Foreigner singles chronology
| "Head Games" (1979) | "Love On The Telephone" (1980) | "Women" (1980) |

= Love on the Telephone =

"Love on the Telephone" was the third single from the third album, Head Games by the band, Foreigner. The song was written by Lou Gramm & Mick Jones, and released as a single in Europe. It reached No. 34 in the Netherlands. The song's b-side, "Women" was chosen as the next single for the American market.

Johnson City Press arts writer Elaine Cloud Goller described "Love on the Telephone" as a "road-weary rock and roller's lament."
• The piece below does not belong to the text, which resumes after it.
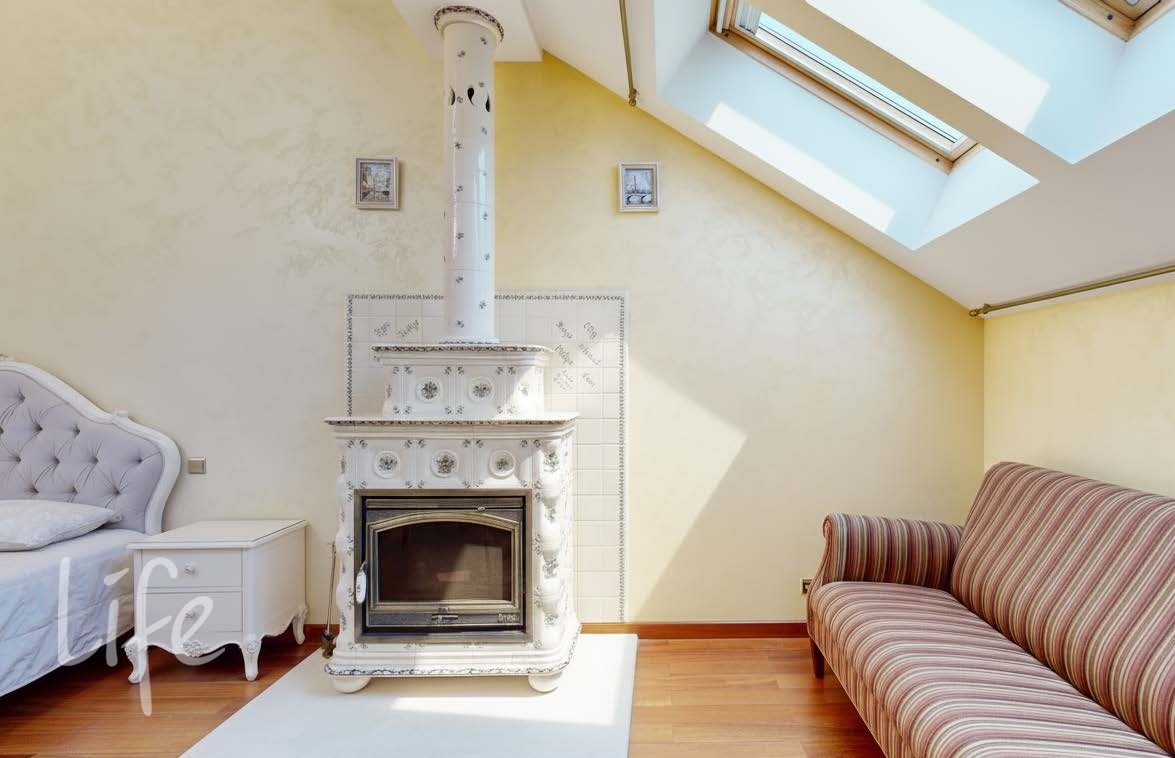 3 этаж: холл с зоной отдыха, мастер-спальня с дровяным камином с изразцами со своей гардеробной и с/у с душевой с паром и местом для установки ванной.

Pete Bishop of The Pittsburgh Press praised the song for its melody, full arrangement and muscle. El Diario del Centro del País praised the song as a great example of classic rock. Evening Post critic Dave Murray praised Gramm's lead vocal performance. Daily Republican Register critic Mike Bishop said that "Love on the Telephone" is "a fairly good rocker" and said that lead singer Gramm sounds a lot like Bad Company lead singer Paul Rodgers, Al Greenwood's keyboards sound a lot like Styx and that the song's chord progression is very similar to that of Foreigner's earlier song "Cold as Ice." Morning Call critic Alan Janesch felt that lyric saying that the "line's engaged" was lifted from the Beatles' "You Won't See Me."

During Foreigner's 1981 tour supporting 4 "Love on the Telephone" generally served as the first song of the encore, followed by "Hot Blooded" and "Headknocker."